**PROBLEM STATEMENT:** Starting with the line that contains "CLAUDIO I. As.", repeat each line exactly through the final line of the listing. No picture should appear in the copy.

**DATASET RECORDS:**
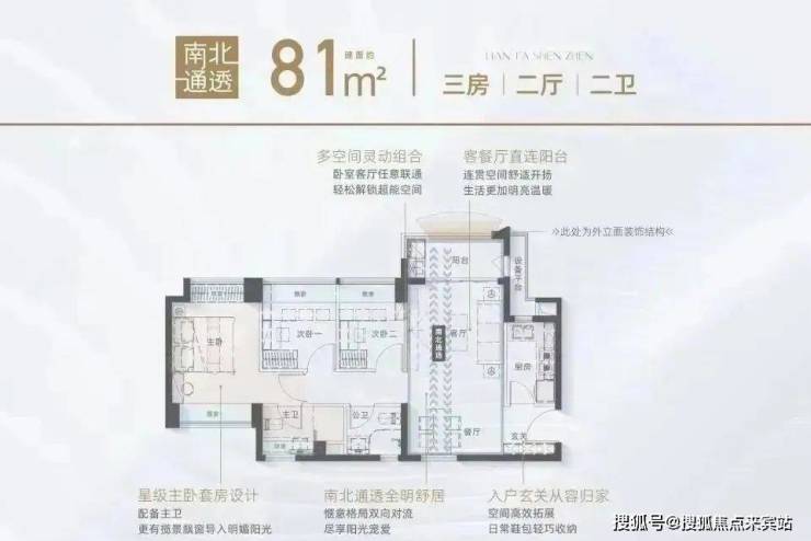 建面约81㎡,独腿户、竖厅、三房两卫,LDK一体化布局,动静分区、室内动线清晰、功能间布局合理,区别于传统竖厅结构,这种布局通风和采光性能更强,动区与主卧可实现双面采光、对流通透,4飘台+1设备平台大幅增加了可使用面积,整体尺度确实是偏紧凑了一些,但在当前的新房市场中80㎡出头能给到三房两卫的属实难得。
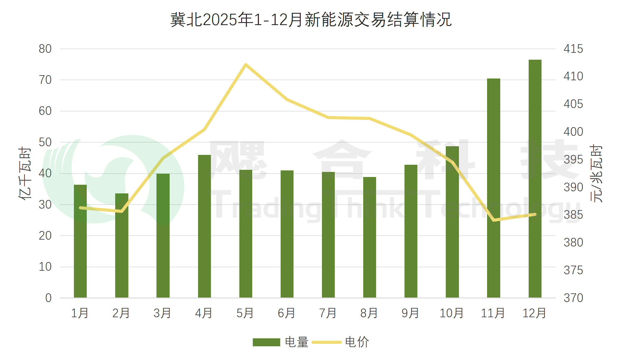 冀北地区2025年1-12月新能源交易结算电量555.97亿千瓦时,结算均价395.02元/兆瓦时。
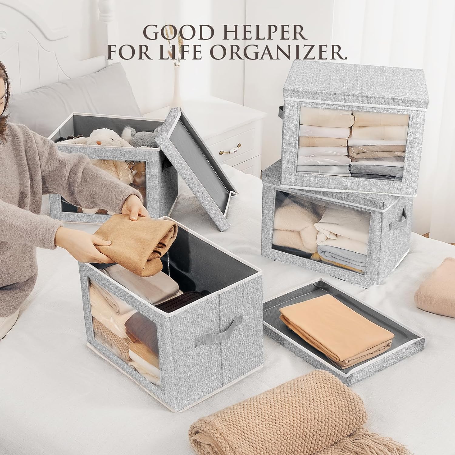 Stackable Storage Bins with Lids - Medium Storage Box with Lids, Foldable Closet Boxes for Organizing, Wardrobe Clothes Organizer with Window, Cubes Bins for Living Room, 5 Pack, Blended
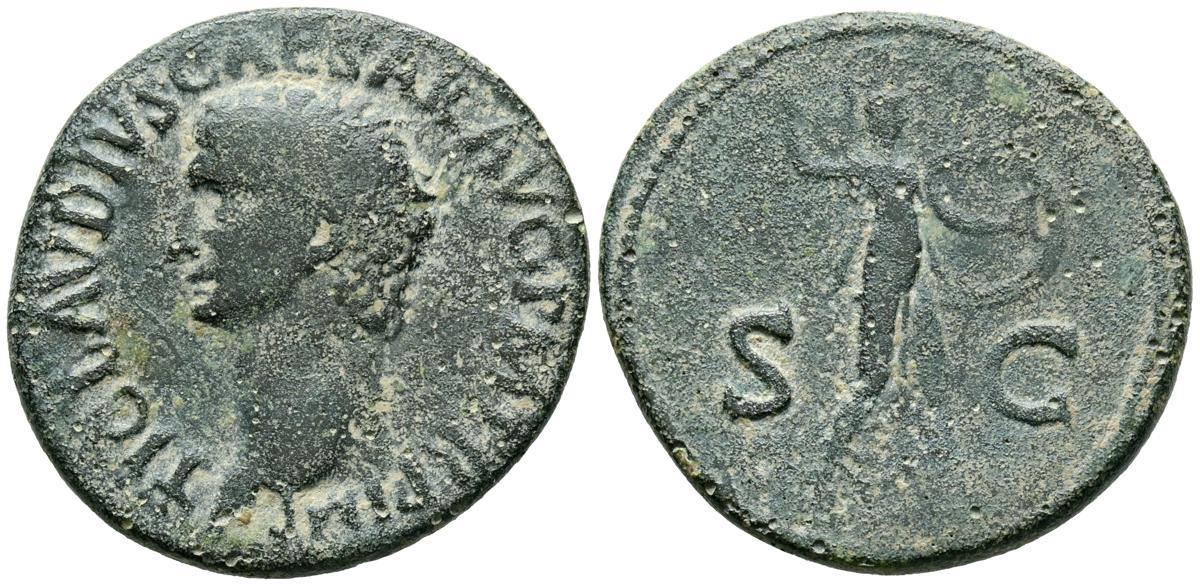 CLAUDIO I. As. (Ae. 9,34g/28mm). 41-50 d.C. Roma. (RIC 100). Anv: Cabeza de Claudio I a izquierda, alrededor leyenda: TI CLAVDIVS CAESAR AVG P M TR P IMP. Rev: Minerva avanzando a derecha portando lanza y escudo, entre S-C. MBC-.
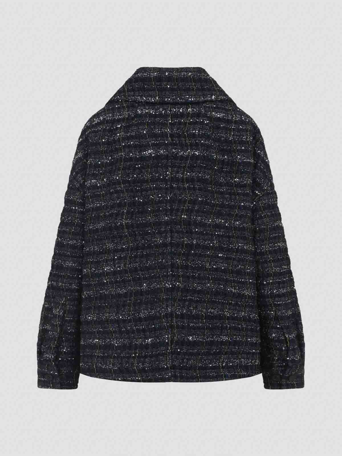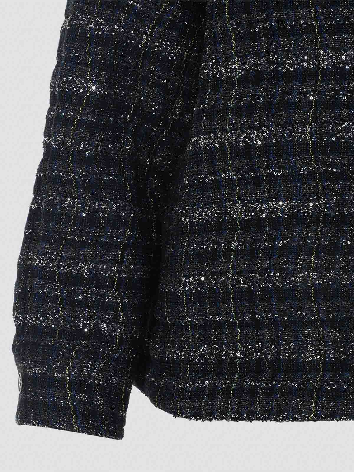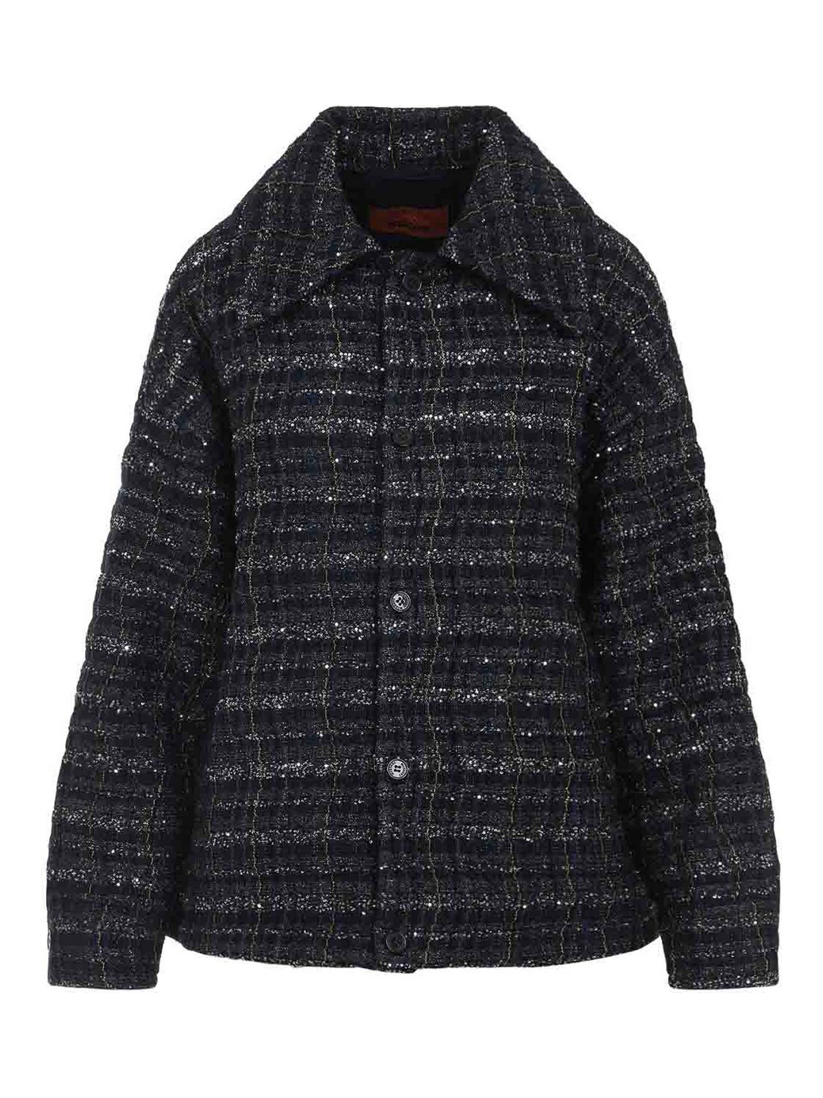 Missoni ブラックオーバーシャツ。ビスコース、ポリアミド、メタリック、ウール、コットン、ポリエステルのブレンドで作られています。ポインテッドカラー、フロントボタン留め、サイドポケット、ドロップショルダー、ボタン付きカフス、ストレートヘム。全体に黒と青のチェック柄、スパンコールのディテールが施されています。

**OUTPUT FOR THIS EXERCISE:**
 CLAUDIO I. As. (Ae. 9,34g/28mm). 41-50 d.C. Roma. (RIC 100). Anv: Cabeza de Claudio I a izquierda, alrededor leyenda: TI CLAVDIVS CAESAR AVG P M TR P IMP. Rev: Minerva avanzando a derecha portando lanza y escudo, entre S-C. MBC-.
 Missoni ブラックオーバーシャツ。ビスコース、ポリアミド、メタリック、ウール、コットン、ポリエステルのブレンドで作られています。ポインテッドカラー、フロントボタン留め、サイドポケット、ドロップショルダー、ボタン付きカフス、ストレートヘム。全体に黒と青のチェック柄、スパンコールのディテールが施されています。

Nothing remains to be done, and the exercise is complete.